Open Qubitium opened 11 months ago
I guess there are quite some limitations that will prevent you from using more than 16 GPUs efficiently on a single node and a single PyTorch process (CUDA_VISIBLE_DEVICES
should still work to enable multiple PyTorch instances).
With regard to MIG devices: a single CUDA process can only use at most one MIG device at a time (see here), so the limit should not be a problem.
Nonetheless, I can prepare a PR to increase the limit.
Depending on usage, inference or training, I would say a great percentage of users will never hit any pcie bandwidth bottleneck due to extra pcie bridge/switching.
I guess there are quite some limitations that will prevent you from using more than 16 GPUs efficiently on a single node
@albanD - do you know why we have a hard coded limit? Is it something with a limited number of bits in the C++ torch.device representation?
@albanD - do you know why we have a hard coded limit? Is it something with a limited number of bits in the C++ torch.device representation?
Might be because we preallocate some CUDAStreams
and CuDNNStates
. My PR linked above increases the limit to 64, which seems to compile and pass all tests without errors. However, I don't have a way to actually test it on a machine with 16+ GPUs (and I guess neither does the test pipeline).
It would also be prudent to set it beyond 64. Current Nvidia sanctioned 8xA100/H100 can MIG into 7 slices each resulting in 56. Some of the 8xA100/H100 chassis have 11 pcie slots for potential max 11 xA100 x 7 = 77 slices in 2023, without any plx switching. With plx switch extension, that value can be obliterated. Unless there is physical cuda bit limit that nvidia needs to fix, this should be set to something very large, such as 1024/2048 for future proofing.
It would also be prudent to set it beyond 64. Current Nvidia sanctioned 8xA100/H100 can MIG into 7 slices each resulting in 56. Some of the 8xA100/H100 chassis have 11 pcie slots for potential max 11 xA100 x 7 = 77 slices in 2023, without any plx switching. With plx switch extension, that value can be obliterated. Unless there is physical cuda bit limit that nvidia needs to fix, this should be set to something very large, such as 1024/2048 for future proofing.

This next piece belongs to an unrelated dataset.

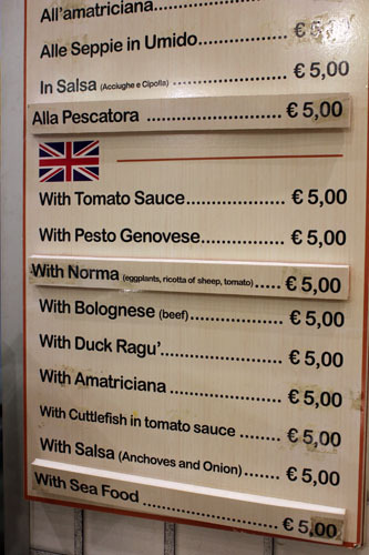メニューはパスタソースを9種類の中から選び、すべてが€5均一です。安いです。

Again, a CUDA process can only use a single MIG device right now:
ubuntu@hostname:~$ nvidia-smi
Sat Dec 9 11:56:27 2023
+-----------------------------------------------------------------------------+
| NVIDIA-SMI 525.85.12 Driver Version: 525.85.12 CUDA Version: 12.0 |
|-------------------------------+----------------------+----------------------+
| GPU Name Persistence-M| Bus-Id Disp.A | Volatile Uncorr. ECC |
| Fan Temp Perf Pwr:Usage/Cap| Memory-Usage | GPU-Util Compute M. |
| | | MIG M. |
|===============================+======================+======================|
| 0 NVIDIA A100-SXM... On | 00000000:06:00.0 Off | On |
| N/A 33C P0 48W / 400W | 24MiB / 40960MiB | N/A Default |
| | | Enabled |
+-------------------------------+----------------------+----------------------+
+-----------------------------------------------------------------------------+
| MIG devices: |
+------------------+----------------------+-----------+-----------------------+
| GPU GI CI MIG | Memory-Usage | Vol| Shared |
| ID ID Dev | BAR1-Usage | SM Unc| CE ENC DEC OFA JPG|
| | | ECC| |
|==================+======================+===========+=======================|
| 0 7 0 0 | 3MiB / 4864MiB | 14 0 | 1 0 0 0 0 |
| | 0MiB / 8191MiB | | |
+------------------+----------------------+-----------+-----------------------+
| 0 8 0 1 | 3MiB / 4864MiB | 14 0 | 1 0 0 0 0 |
| | 0MiB / 8191MiB | | |
+------------------+----------------------+-----------+-----------------------+
| 0 9 0 2 | 3MiB / 4864MiB | 14 0 | 1 0 0 0 0 |
| | 0MiB / 8191MiB | | |
+------------------+----------------------+-----------+-----------------------+
| 0 10 0 3 | 3MiB / 4864MiB | 14 0 | 1 0 0 0 0 |
| | 0MiB / 8191MiB | | |
+------------------+----------------------+-----------+-----------------------+
| 0 11 0 4 | 3MiB / 4864MiB | 14 0 | 1 0 0 0 0 |
| | 0MiB / 8191MiB | | |
+------------------+----------------------+-----------+-----------------------+
| 0 12 0 5 | 3MiB / 4864MiB | 14 0 | 1 0 0 0 0 |
| | 0MiB / 8191MiB | | |
+------------------+----------------------+-----------+-----------------------+
| 0 13 0 6 | 3MiB / 4864MiB | 14 0 | 1 0 0 0 0 |
| | 0MiB / 8191MiB | | |
+------------------+----------------------+-----------+-----------------------+
+-----------------------------------------------------------------------------+
| Processes: |
| GPU GI CI PID Type Process name GPU Memory |
| ID ID Usage |
|=============================================================================|
| No running processes found |
+-----------------------------------------------------------------------------+
>>> import torch
>>> torch.cuda.device_count()
1
If the overhead of the statically compiled value is negligible, we can surely increase it further.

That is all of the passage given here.